Along the way I had figure out what packages I needed to install inorder to run the various selinux utilities.

At first doing:

# grep httpd_t /var/log/audit/audit.log | audit2allow -m f5backupui > f5backupui.te

resulted in:

module f5backupui 1.0;

require {
	type httpd_t;
	type usr_t;
	class file write;
}

#============= httpd_t ==============
allow httpd_t usr_t:file write;

This change the error from the database being read-only to being unable to open it. Searches on sqlite and selinux pointed to issues with the journal file. But, no new denials showed up in the audit log. But, I took a guess that it also need write to the directory. So, the f5backupui.te file became:

module f5backupui 1.0.1;

require {
	type httpd_t;
	type usr_t;
	class file write;
	class dir write;
}

#============= httpd_t ==============
allow httpd_t usr_t:file write;
allow httpd_t usr_t:dir write;

This didn’t work any better. So, I then read elsewhere about doing:

# setenforce 0

With this the user add worked. And, there were additional ‘AVC’ messages in the audit log. So, I generated a third.te, good thing I didn’t name it charm.te :blush:

module f5backupui 1.0.2;

require {
	type httpd_t;
	type usr_t;
	class file { write create unlink };
}

#============= httpd_t ==============

#!!!! This avc is allowed in the current policy
allow httpd_t usr_t:file write;
allow httpd_t usr_t:file { create unlink };

Still no joy. decided that its still missing write to the directory, so I created forth.te:

module f5backupui 1.0.3;

require {
	type httpd_t;
	type usr_t;
	class file { write create unlink };
	class dir write;
}

#============= httpd_t ==============

allow httpd_t usr_t:file { write create unlink };
allow httpd_t usr_t:dir { write };

This still didn’t work.
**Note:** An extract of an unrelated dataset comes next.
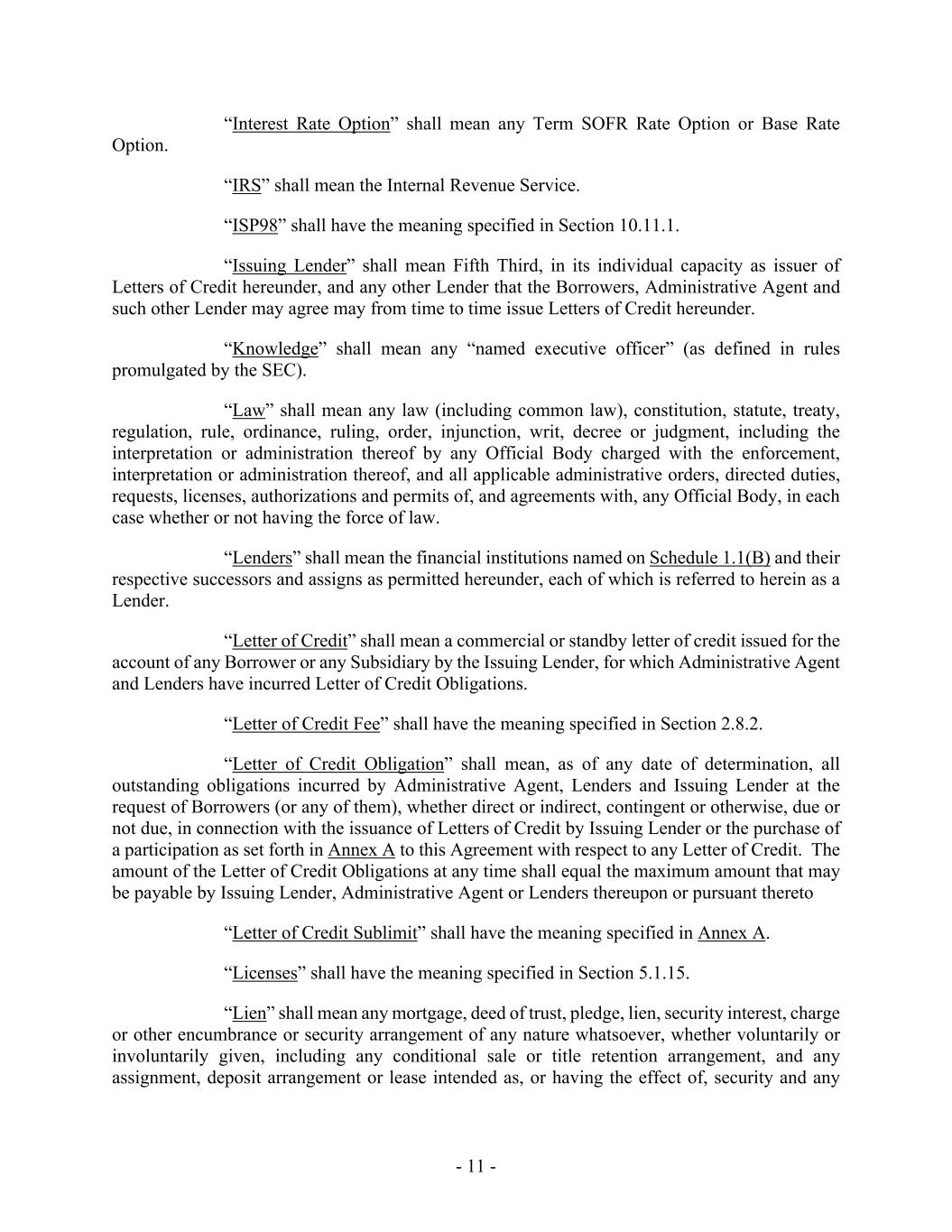 - 11 - “Interest Rate Option” shall mean any Term SOFR Rate Option or Base Rate Option. “IRS” shall mean the Internal Revenue Service. “ISP98” shall have the meaning specified in Section 10.11.1. “Issuing Lender” shall mean Fifth Third, in its individual capacity as issuer of Letters of Credit hereunder, and any other Lender that the Borrowers, Administrative Agent and such other Lender may agree may from time to time issue Letters of Credit hereunder. “Knowledge” shall mean any “named executive officer” (as defined in rules promulgated by the SEC). “Law” shall mean any law (including common law), constitution, statute, treaty, regulation, rule, ordinance, ruling, order, injunction, writ, decree or judgment, including the interpretation or administration thereof by any Official Body charged with the enforcement, interpretation or administration thereof, and all applicable administrative orders, directed duties, requests, licenses, authorizations and permits of, and agreements with, any Official Body, in each case whether or not having the force of law. “Lenders” shall mean the financial institutions named on Schedule 1.1(B) and their respective successors and assigns as permitted hereunder, each of which is referred to herein as a Lender. “Letter of Credit” shall mean a commercial or standby letter of credit issued for the account of any Borrower or any Subsidiary by the Issuing Lender, for which Administrative Agent and Lenders have incurred Letter of Credit Obligations. “Letter of Credit Fee” shall have the meaning specified in Section 2.8.2. “Letter of Credit Obligation” shall mean, as of any date of determination, all outstanding obligations incurred by Administrative Agent, Lenders and Issuing Lender at the request of Borrowers (or any of them), whether direct or indirect, contingent or otherwise, due or not due, in connection with the issuance of Letters of Credit by Issuing Lender or the purchase of a participation as set forth in Annex A to this Agreement with respect to any Letter of Credit. The amount of the Letter of Credit Obligations at any time shall equal the maximum amount that may be payable by Issuing Lender, Administrative Agent or Lenders thereupon or pursuant thereto “Letter of Credit Sublimit” shall have the meaning specified in Annex A. “Licenses” shall have the meaning specified in Section 5.1.15. “Lien” shall mean any mortgage, deed of trust, pledge, lien, security interest, charge or other encumbrance or security arrangement of any nature whatsoever, whether voluntarily or involuntarily given, including any conditional sale or title retention arrangement, and any assignment, deposit arrangement or lease intended as, or having the effect of, security and any

The site that I was reading this on, says maybe denial of the action is the correct thing, but not cluttering up the log file is desired, in that case replace ‘allow’ with ‘dontaudit’. So, I wondered how do I determine what the silent denials are, a search brought me to this page.

Doing the:

# semodule -DB

And, trying things agin, yielded a fifth.te

module f5backupui 1.0.4;

require {
	type httpd_t;
	type usr_t;
	class file { write create unlink };
	class dir { remove_name add_name };
}

#============= httpd_t ==============
allow httpd_t usr_t:dir { remove_name add_name };
allow httpd_t usr_t:file { write create unlink };

And, still no luck. Well, its still missing write to the directory. So I tweak fifth.te to become:

module f5backupui 1.0.5;

require {
	type httpd_t;
	type usr_t;
	class file { write create unlink };
	class dir { write remove_name add_name };
}

#============= httpd_t ==============
allow httpd_t usr_t:dir { write remove_name add_name };
allow httpd_t usr_t:file { write create unlink };

Success! :+1:

Though this probably opens up too much to httpd_t now, but its nearly midnight on an EOF Friday…and I’m starving and ready for bed.


Next will be to get figure out how to implement the desired changes of device specific backup user/password info, along with some of the other wishlist items. As per usual, the thought of how does the F5configbackup appliance get backed up. But, the direction our environment is headed is that our backup is (asynchronous) replication to Lawrence.